Exhibit 5.1
Abraxas Petroleum Corporation
18803 Meisner Drive
San Antonio, Texas 78258
| |
Re: | Registration Statement on Form S-8 for the Abraxas Petroleum Corporation Amended and Restated 2005 Employee Long-Term Equity Incentive Plan, as amended, and the Abraxas Petroleum Corporation Amended and Restated 2005 Non-Employee Directors Long-Term Equity Incentive Plan, as amended. |
Ladies and Gentlemen:
We have acted as counsel to Abraxas Petroleum Corporation, a Nevada corporation (the “Registrant”), in connection with its Registration Statement on Form S-8 (the “Registration Statement”) filed under the Securities Act of 1933, as amended (the “Securities Act”), relating to the registration of the offer and sale of up to 1,109,607 shares (the “Shares”) of its common stock, par value $0.01 per share (“Common Stock”), reserved for issuance under (i) that certain Abraxas Petroleum Corporation Amended and Restated 2005 Employee Long-Term Equity Incentive Plan, as amended (the “Employee Plan”), and (ii) that certain Abraxas Petroleum Corporation Amended and Restated 2005 Non-Employee Directors Long-Term Equity Incentive Plan, as amended (the “Directors Plan,” together with the Employee Plan, the “Incentive Plans”), pursuant to amendments to the Incentive Plans (the “Incentive Plan Amendments”).
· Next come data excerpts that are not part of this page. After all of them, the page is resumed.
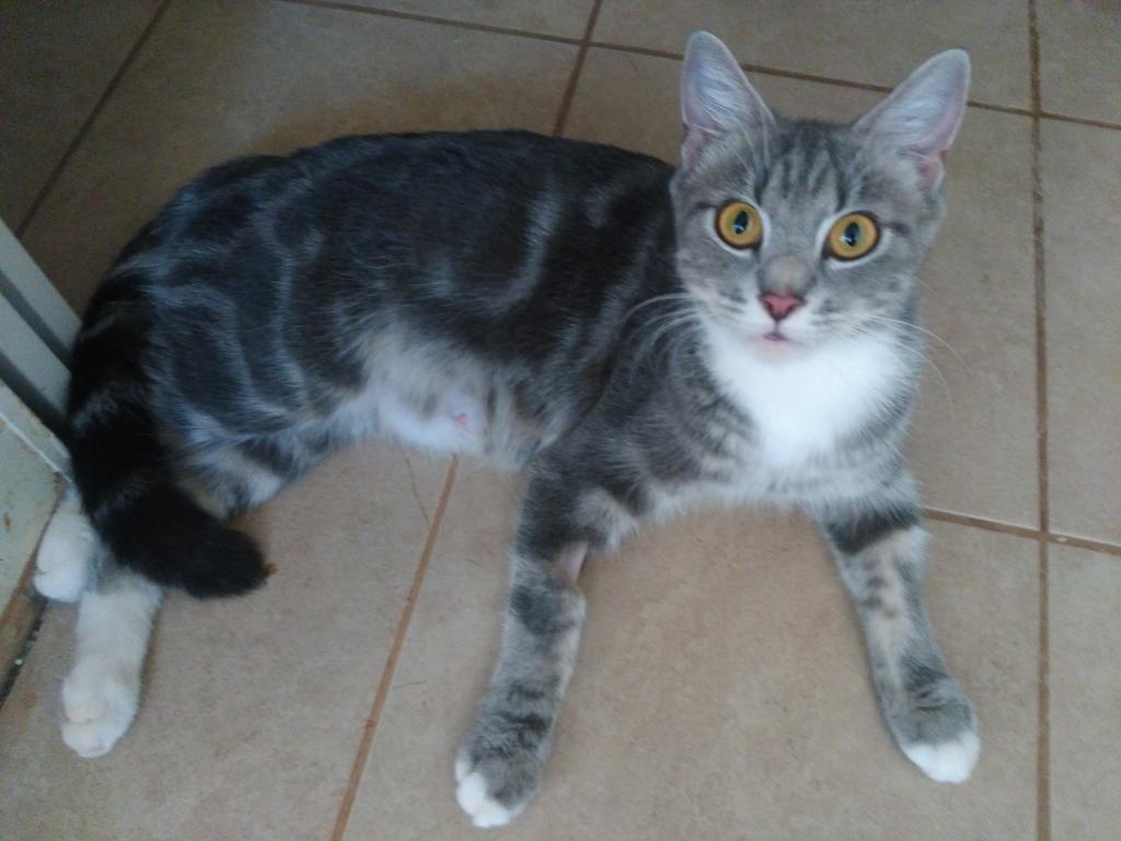 A beautiful grey tabby mumma who has done a wonderful job or raising her brood of 7. She still is in care with her 2 remaining babies - all still searching for the homes and families of their dreams. Reveka is a beautifully natured and calm cat who chose a random family residence to stop and give birth (& then raise) her babies. Reveka has had all of her vet work done and ready to bid farewell to her babies in the hopes of a second chance of love and family of her own. Reveka is truly captivating - her beautiful bright eyes and sweet pink nose with a personality to match.
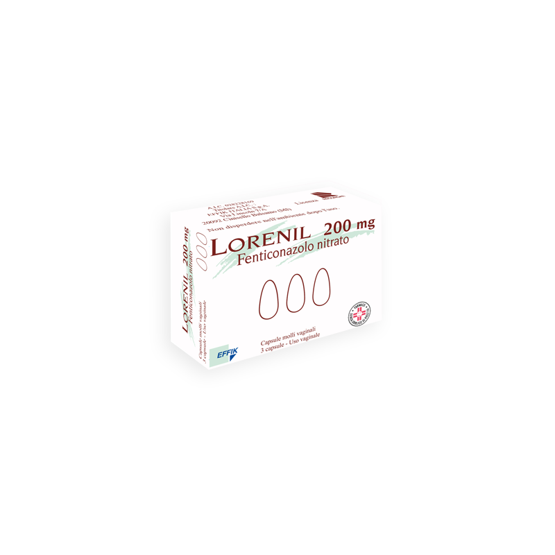LORENIL 200 mg Capsule molli vaginali Ogni capsula molle contiene: fenticonazolo nitrato 200 mg. Per l’elenco completo degli eccipienti vedere paragrafo 6.1 LORENIL 600 mg Capsule molli vaginali Ogni capsula molle contiene: fenticonazolo nitrato 600 mg. Per l’elenco completo degli eccipienti vedere paragrafo 6.1.
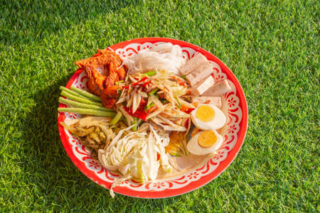Papaya salad (som tum) tray spicy on green grass, Thai local food top view, close up.
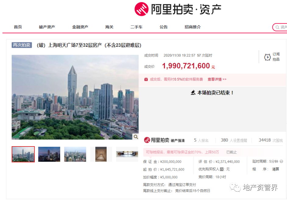 11月30日,第三次入市拍卖的上海明天广场7至23层资产终于拍卖成功,成交拍卖价19.9亿元。
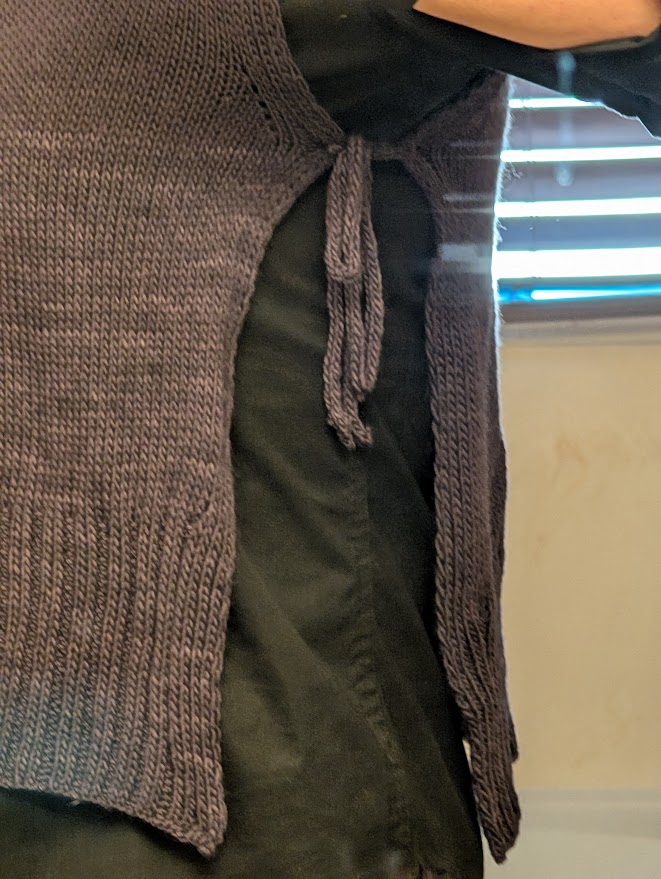 It mostly turned out as expected and I like the fit of the collar. The open sides and breezy fit aren’t what I usually look for but I like it. I think it will be a fun layering piece and I would be excited to try different fasteners under the arms to switch up the look a bit.
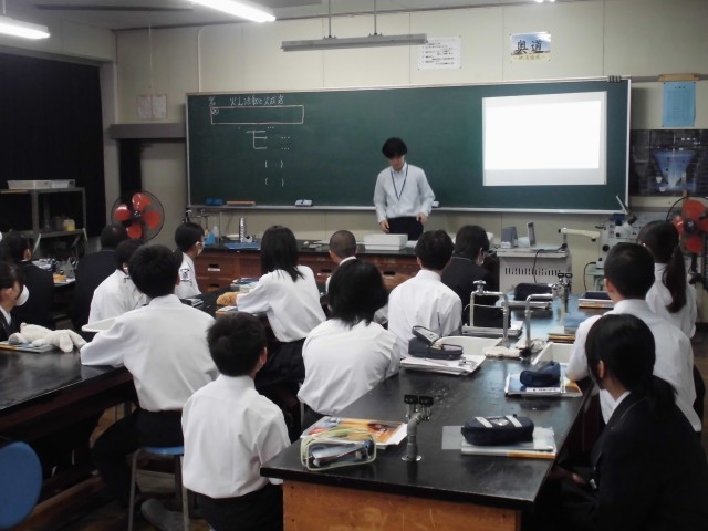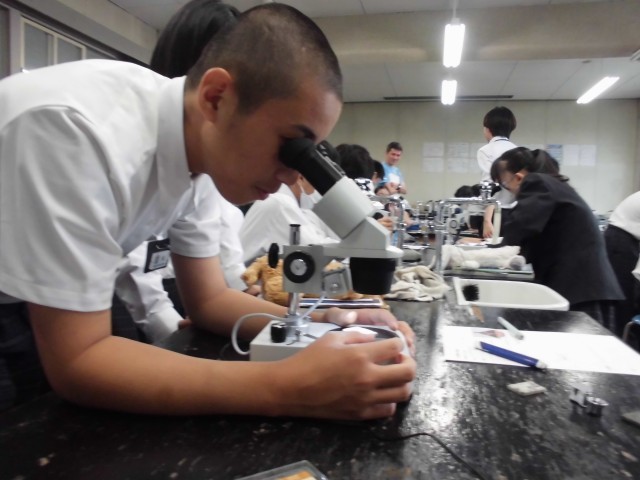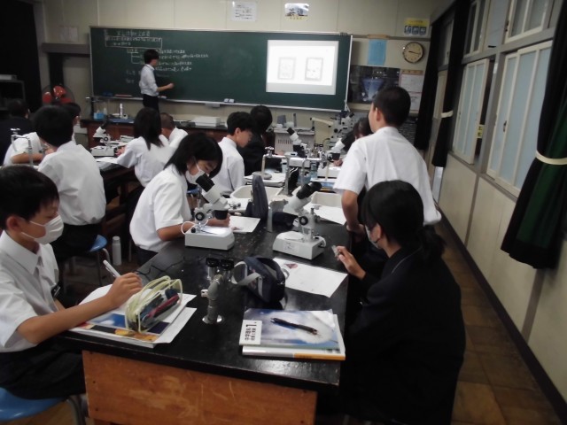本日の授業の様子です。顕微鏡を使い火山岩の特徴を調べ、まとめていました。普段は見ることのできない細かな模様に興味深々な様子で目を輝かせていました。
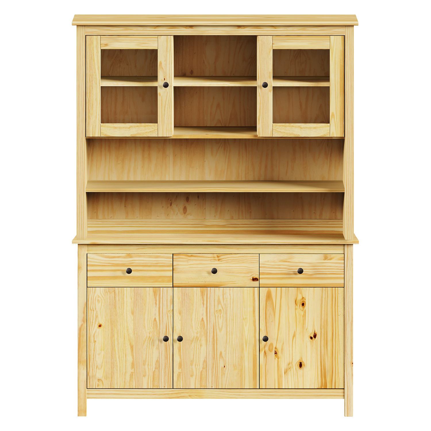Produktcode: 8096KSet aus Anrichte TORINO 8062K und Erweiterung TORINO 8063K Material Kiefer massiv, lackiertMetallgriffe aus schwarzem MessingAnrichte: 3 Türen, 3 Schubladen mit MetallschienenErweiterung: zwei GlastürenMaße der Anrichte (B/H/H) 129 × 40 × 80 cmAbmessungen der Erweiterung (B/H/H) 129 × 33 × 100 cm

In connection with this opinion, we have examined originals or copies, certified or otherwise identified to our satisfaction, of the organizational and governing documents of the Registrant, each as amended to the date hereof, the Registration Statement (including the Exhibits thereto), the Incentive Plan Amendments, the records of corporate proceedings that have occurred prior to the date hereof with respect to the Registration Statement, such agreements, certificates of public officials, certificates of officers or other representatives of the Registrant, and such other documents, certificates, and records as we have deemed necessary as a basis for the opinions set forth below. We have also reviewed such questions of law as we have deemed necessary or appropriate. As to matters of fact relevant to the opinions expressed herein, and as to factual matters arising in connection with our examination of corporate documents, records and other documents and writings, we relied upon certificates and other communications of corporate officers of the Registrant, without further investigation as to the facts set forth therein. It is understood that this opinion is to be used only in connection with the offer and sale of the Shares while the Registration Statement is still in effect.
We have assumed that: (i) at the time of issuance of any Shares, there will be a sufficient number of duly authorized and unissued shares of Common Stock to accommodate such issuance; (ii) appropriate action will be taken to register and qualify the Shares for sale under all applicable state securities laws; (iii) the Shares to be sold are issued in accordance with the terms of the Incentive Plans; (iv) the Registrant receives the full consideration for the Shares as stated in the Incentive Plans; and (v) the per share consideration for each Share includes payment of cash or other lawful consideration at least equal to the par value of the Registrant’s Common Stock. It is understood that this opinion is to be used only in connection with the offer and sale of the Shares while the Registration Statement is still in effect.
Based solely upon the foregoing, and subject to the qualifications, assumptions, and other statements set forth herein, it is our opinion that the Shares have been duly authorized, and when issued and delivered in accordance with the terms of the Incentive Plans, will be validly issued, fully paid, and nonassessable.
We express no opinion as to the law of any jurisdiction other than the general corporate laws of the State of Nevada. The reference and limitation to the “general corporate laws of the State of Nevada” includes the statutory provisions of Chapter 78 of the Nevada Revised Statutes and all applicable provisions of the Nevada Constitution and reported judicial decisions interpreting these laws. We express no opinion as to any matter other than as set forth herein, and no opinion may be inferred or implied herefrom. The opinion expressed herein is given as of this date, and we do not undertake to supplement this opinion with respect to any events or changes occurring subsequent to the date of this letter.
We hereby consent to the use of this opinion as an Exhibit to the Registration Statement. In giving this consent, we do not admit that we come within the category of persons whose consent is required under Section 7 of the Securities Act or the rules and regulations of the Securities and Exchange Commission promulgated thereunder.